L’infâme Henri Loevenbruck
Hello Henri,
Pour commencer, et puisque l'heure est manifestement au grand déballage, puisque, également, certains semblent penser qu'il peut être question de courage sur un forum - une idée qui m'a toujours fait doucement rigoler - j'adresse un petit message public à Denis Guiot : compadre, tes interventions stériles à mon endroit commencent sérieusement à me gonfler. Il me semble t'avoir déjà signifié, en privé et à plusieurs reprises que si tu avais un problème avec moi, nous pouvions en discuter d'homme à homme, dans la vraie vie. Manifestement, il y a un truc que tu ne comprends pas dans cette phrase. Peut-être que si tu la vois écrite sur un forum de SF, ça passera mieux. Qui ne tente rien n'a rien.
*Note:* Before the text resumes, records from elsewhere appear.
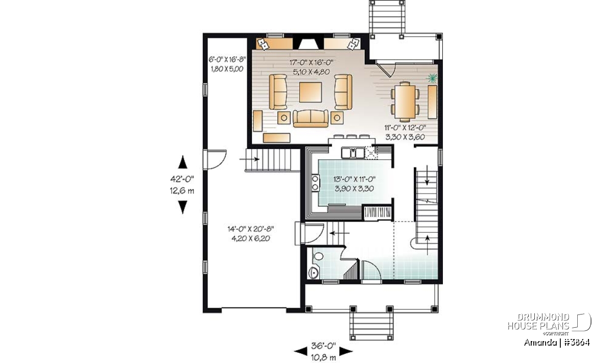 Remarkable entry partially opened on two levels. Kitchen with lunch-counter by way of a dinette. Large living room with central fireplace and benches on each side.
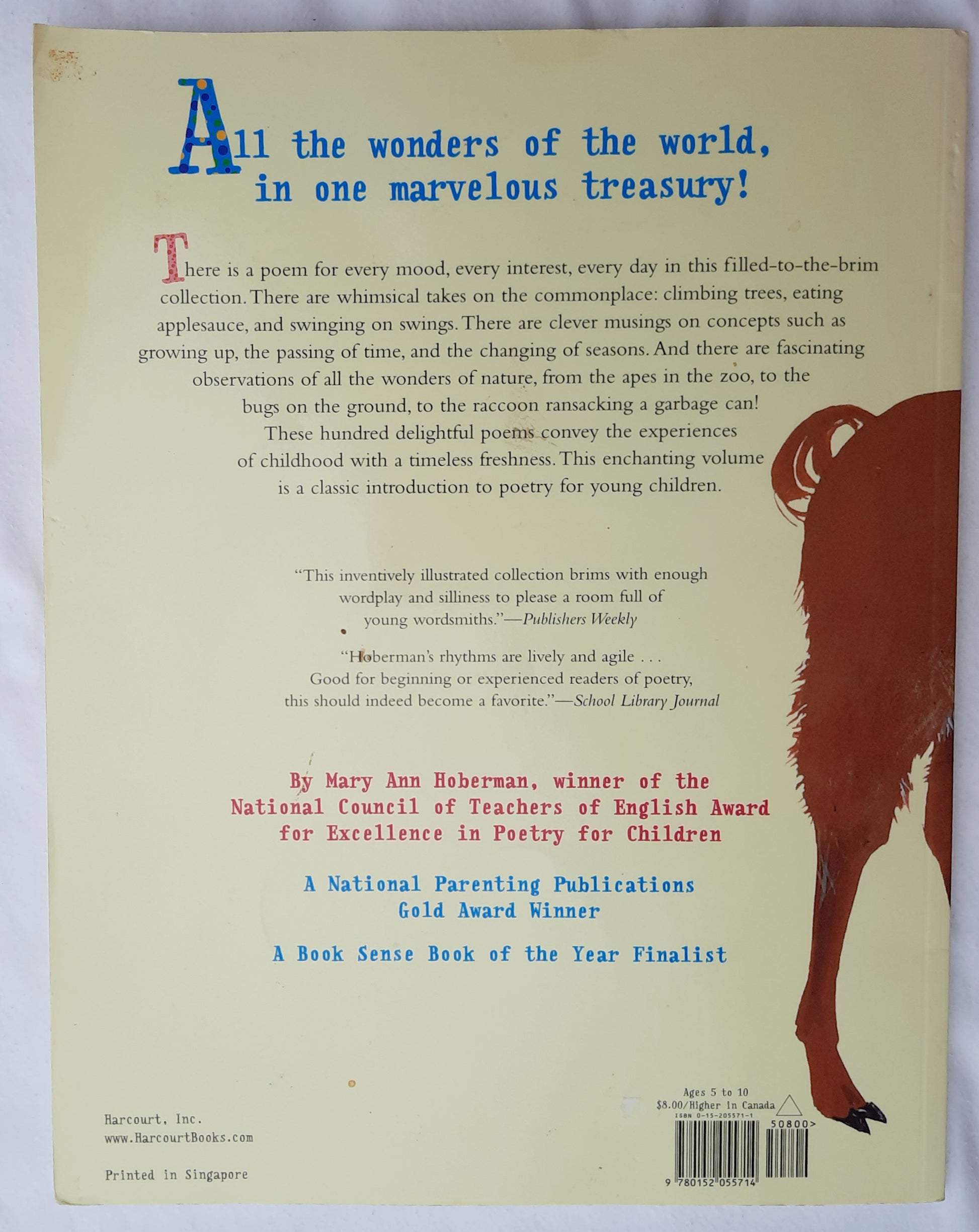 Covering everything from centipedes to whales, from swinging on swings to ice-skating in winter, from eating applesauce to celebrating birthdays, the delightful poems in this extensive collection convey the experiences of childhood with a fresh timelessness
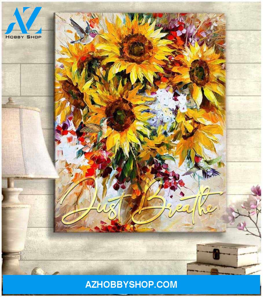 Top #1 Sunflower And Hummingbird Just Breathe Canvas Wall Art, Wall Decor Visual Art
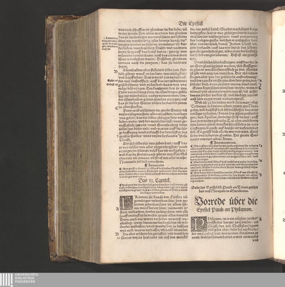 Biblia/ beider|| Allt vnnd Newen Testa||menten/ : fleissig/ treülich vn[d] Christ||lich/ nach alter/ inn Christlicher|| kirchen gehabter Translation/ mit auß=||legunng etlicher dunckeler ort/ vnnd besse=||rung viler verrückter wort vnd sprüch/|| so biß anhere inn andernn kurtz auß=||gangnen theutschen Bibeln ge=||spürt vnd gesehen|| / Durch D. Johan Dieten||berger/ new verdeutscht ...||

Ensuite, Henri, ce que tu écris ne fait au fond que confirmer ce que je pense : discuter d'écriture et de style ne sert pas à grand-chose. Effectivement, nous n'avons probablement pas les mêmes critères en la matière. Pour commencer, il faudrait s'entendre sur la "source de satisfaction" que tu évoques. Bien sûr que tout le monde essaie d'écrire des bouquins agréables à lire. Il y a des lecteurs à qui ça ne suffit tout simplement pas.
Pour ton information, j'ai commencé
Le Syndrome Copernic, il y a quelque temps et je l'ai reposé parce que je n'y arrivais pas. Bon, je ne suis pas très bon client de toute façon. Mais pour moi, il manquait quelque chose. Tu n'y peux rien. Ce n'est même pas un reproche. Alors ok, disons que tu n'en as pas "rien à foutre" du style. Super, on est contents. Et après ? La prose de Guyotat, de Chevillard, de Claro, de Faulkner, de Brautigan, me bouleverse. Est-ce que ta prose bouleverse quelqu'un ? Et quand bien même ? Je veux dire, est-ce qu'on est réellement dans le domaine de la démonstration ? Il y a des gens qui pensent que tout se vaut. Pas moi.
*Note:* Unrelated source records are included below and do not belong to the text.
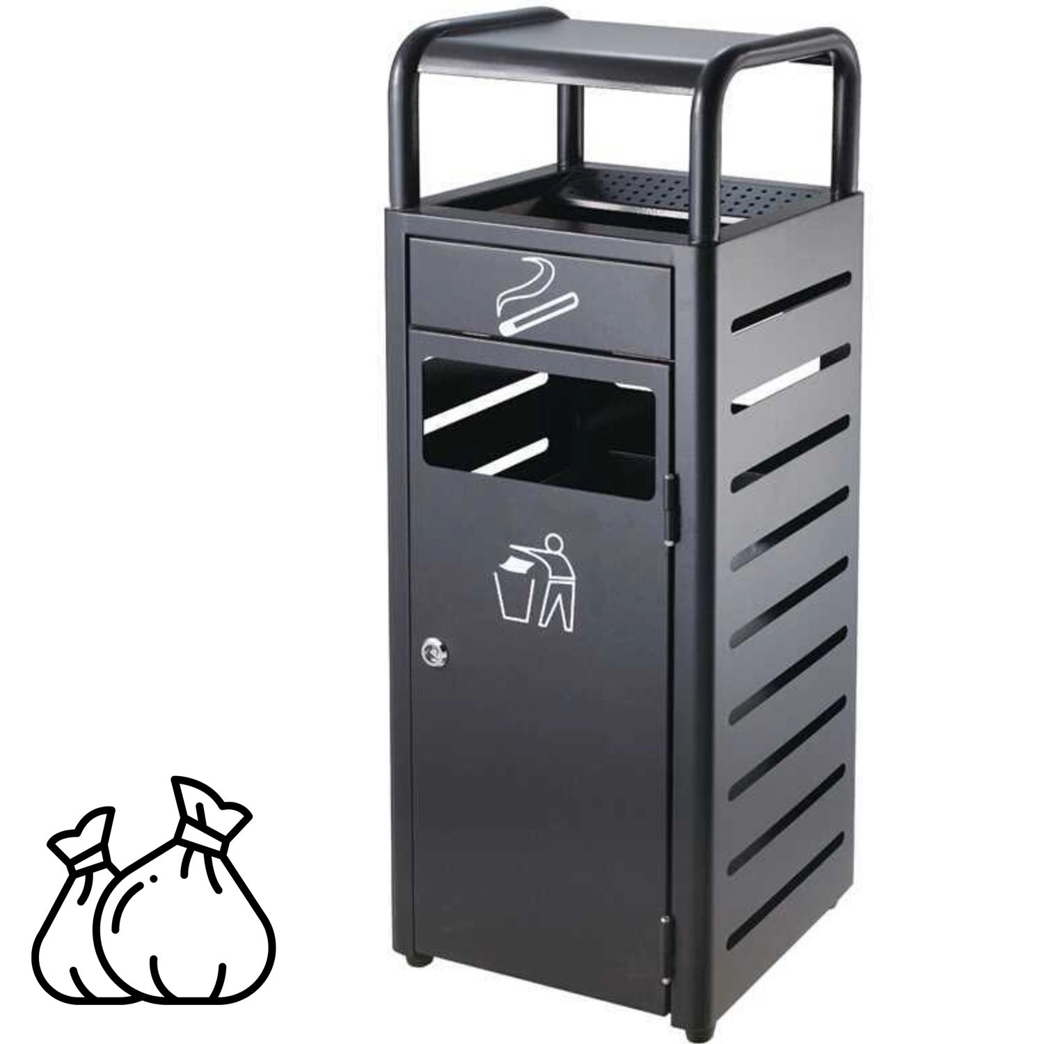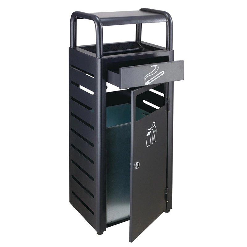 Ez a hamutartóval kombinált szemetes a funkcionalitást és az esztétikát ötvözi. Magas minőségű, ezüstszínű felületű rozsdamentes acélból és fekete dizájnnal készül, így ellenáll a mindennapi igénybevételnek, és könnyen karbantartható. A felső részen praktikus mélyedés található a csikkek elhelyezésére, amely tisztán és biztonságosan tartja a környezetet.
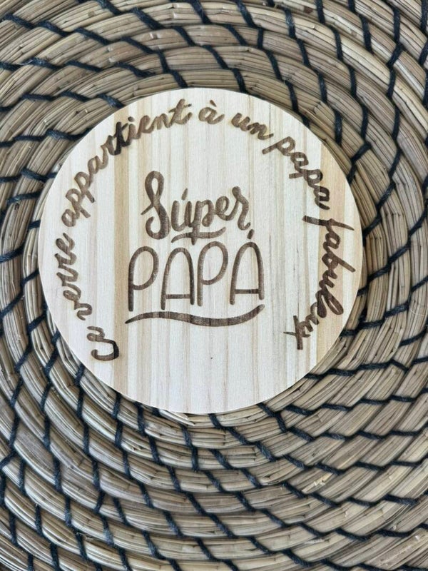 Ces dessous de verre en bois, d’un diamètre de 10 cm, sont gravés avec soin et illustrés de messages pensés spécialement pour les papas : drôles, élégants ou tout simplement touchants.
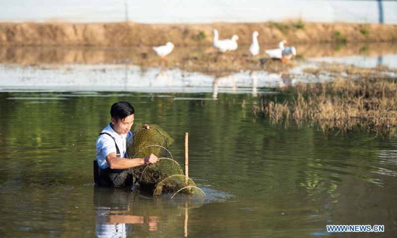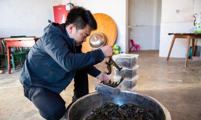 A breeder harvests Australian red claw crayfish at Jinpeng Village of Yonghe Town in Liuyang, central China's Hunan Province, Nov. 13, 2020. In recent years, the breeding of Australian red claw crayfish was introduced to Yonghe as an agricultural industry to help increase the incomes of local people.Photo:Xinhua
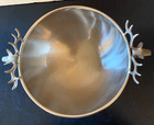 Vtg Silver Tone Stag Reindeer Head Handles 7x4.75" Serving Bowl
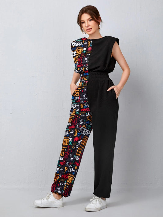 Shoulder Pad Letter Graphic Jumpsuit

En ce qui concerne le Diable Vauvert, mes souvenirs de l'histoire sont sensiblement différents, mais peu importe. Ceux qui ont lu
La Mémoire du vautour auront, je pense, du mal à imaginer que la moindre considération commerciale ait pu traverser mon esprit quand j'ai livré ce roman à Marion. Il n'a rien à voir avec nous. Si nous avons évoqué un projet commun, il me semble, c'est plutôt parce que nous nous sommes dit - enfin, moi, je me suis dit : expertise d'Henri en matière de littérature populaire (au sens noble du terme) + exigences stylistiques de Fabrice = bingo. Le fait que le projet n'ait pas dépassé le stade des intentions me semble, rétrospectivement, hautement significatif.
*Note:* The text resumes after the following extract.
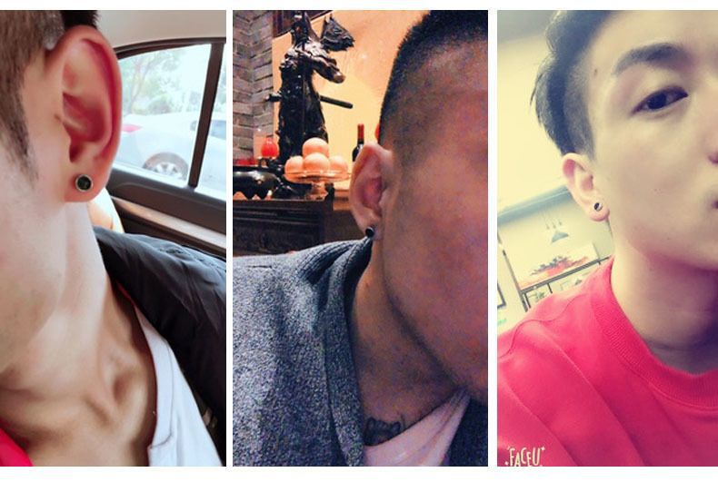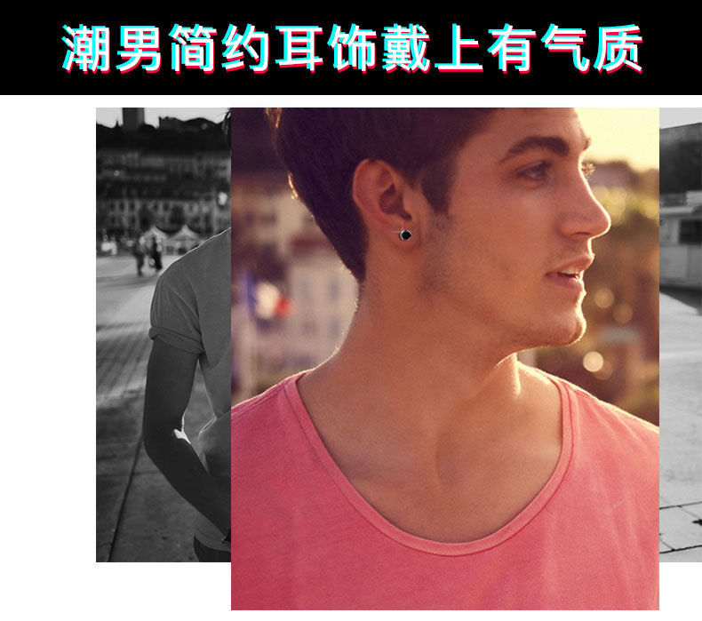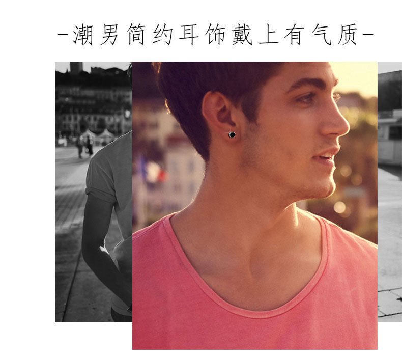潮男几何耳钉韩版单只时尚网红男士耳环简约百搭潮流个性小众耳饰

Je te rejoins sur le fait que le succès ne se décrète pas. Fondamentalement, même, je ne place pas le style au-dessus de l'histoire : chacun fait comme bon lui semble. Je persiste à penser, néanmoins, que la jauge penche toujours d'un côté ou de l'autre. Quand elle penche trop du côté du style, ça donne des bouquins chiants à lire. Quand elle penche trop du côté de l'efficacité narrative, ça donne BW - tout aussi impossible à avaler pour moi. Quand elle est à peu près au milieu, ça donne, pour citer des exemples récents,
La Horde du contrevent ou La Route de McCarthy : des chefs-d'œuvre littéraire, et qui se vendent.
Je passerai plus rapidement sur l'affaire Besancenot. Je ne vois pas juste le rapport avec la choucroute. Nous parlons de romans. Pour info, si je voulais juste faire du fric en écrivant sur une personnalité politique, je choisirais de préférence celle pour laquelle les gens votent : Sarkozy ou un quelconque leader PS. Le projet s'inscrivait plutôt dans la continuité de mon livre
Engagés !, mais je ne suis pas sûr que tu lises non plus tout ce que j'écris.
Pour finir, et parce que le ciel commence à se couvrir, je précise (pas spécialement à ton intention, parce que je penses que tu le sais) que je ne nourris aucun ressentiment envers toi, Henri.
On attaque et on défend des idées, ici. Pas des personnes.